In statement format, it is close to this:

Query event:
schema: mydb
sql: INSERT INTO orders (user_id, status) VALUES (98765, 1)

In row format, it is closer to this:

Table_map event:
table_id:  256
schema:    mydb
table:     orders
columns:   id, user_id, status
Write_rows event:
after image:
  id      = 10000001
  user_id = 98765
  status  = 1

So the three logs observe the same write from completely different angles:

Log	Perspective	What this INSERT roughly records
Undo Log	Transaction rollback / MVCC	If rolling back, delete the row `id=10000001`
Redo Log	Physical page recovery	Which data pages, undo pages, index pages, and Change Buffer pages changed
Binlog	Replication / PITR	This logical write, or the row after image

Put together, the path is:

Write Undo: used later for rollback
Write Redo: used for crash recovery, protecting undo-page and data-page changes
Write Binlog: used for replication and point-in-time recovery
Redo prepare + Binlog + Redo commit: make InnoDB and Binlog agree on the same transaction result

How Does a Transaction Connect the Three Logs?

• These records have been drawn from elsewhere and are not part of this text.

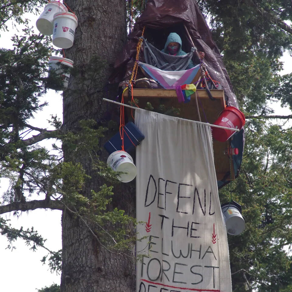 A group calling itself Olympic Forest Defenders has put one of its activists in a tree to block logging of units 3, 4 and 6 of the Parched timber sale near the lower Elwha River on the Olympic Peninsula, approximately two miles southwest of Port Angeles.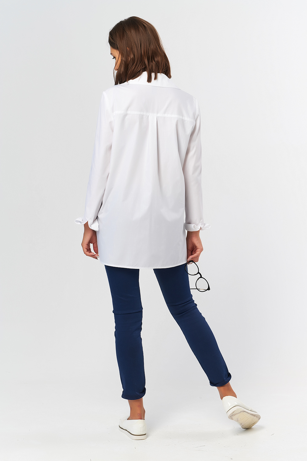 • Особенности: Рубашка прямого силуэта из сорочечной ткани. Детали: отложной воротник на стойке, по плечевым швам и середине рукава настрочена декоративная тесьма, длинные втачные рукава с манжетой, разрезы в боковых швах, разная длина переда и спинки, накладной карман по передй, кокетка по спинке. Застежка на петли-пуговицы по планке переда.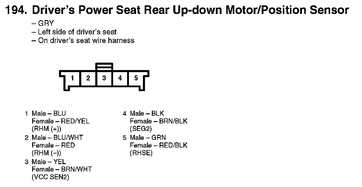 194. Driver's Power Seat Rear Up-down Motor/Position Sensor:
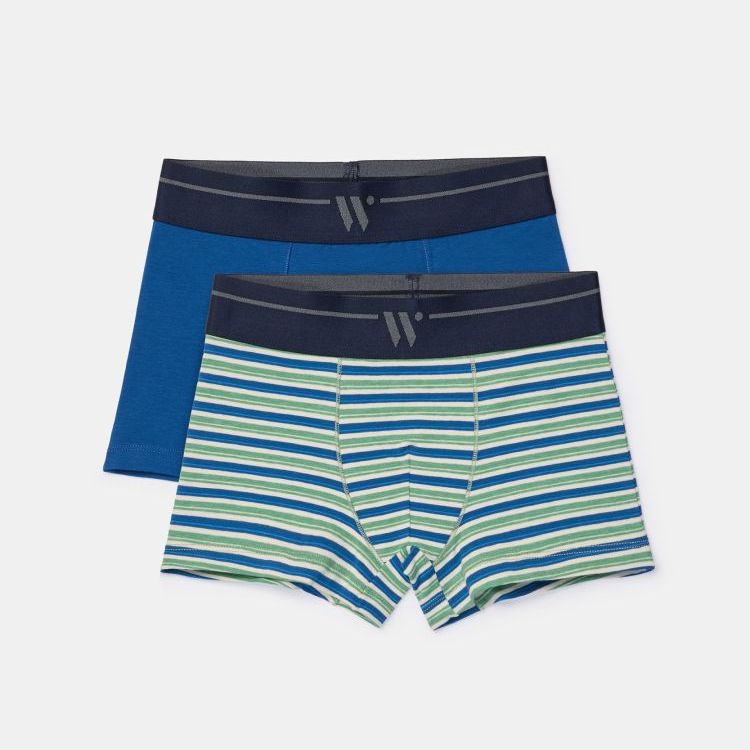 Set van 2 aansluitende jongens en heren boxershorts van rekbaar, soepel katoen. Het duopack bestaat uit een effen donkerblauwe boxershort en een blauwe-groene gestreepte boxershort. Kleurrijk ondergoed in de gekende Woody kwaliteit. Verkrijgbaar in maten 6Y-XXL.

A transaction is not one isolated step in the flow. It is the context that runs through the entire write path.

At the Server layer, each connection has a THD. The THD contains transaction context and also the Binlog transaction cache. At the InnoDB layer, this connection is bound to a trx_t. InnoDB locks, Undo, transaction ID, and commit state all hang off this trx_t.

You can first picture the relationship like this:

THD / Transaction_ctx
  -> binlog trx cache
  -> registered engines: InnoDB
InnoDB trx_t
  -> trx_id
  -> locks
  -> undo records
  -> modified pages protected by redo

When the INSERT is actually written, InnoDB writes the current transaction ID into the hidden clustered-index field DB_TRX_ID, and writes the pointer to the Undo record into DB_ROLL_PTR.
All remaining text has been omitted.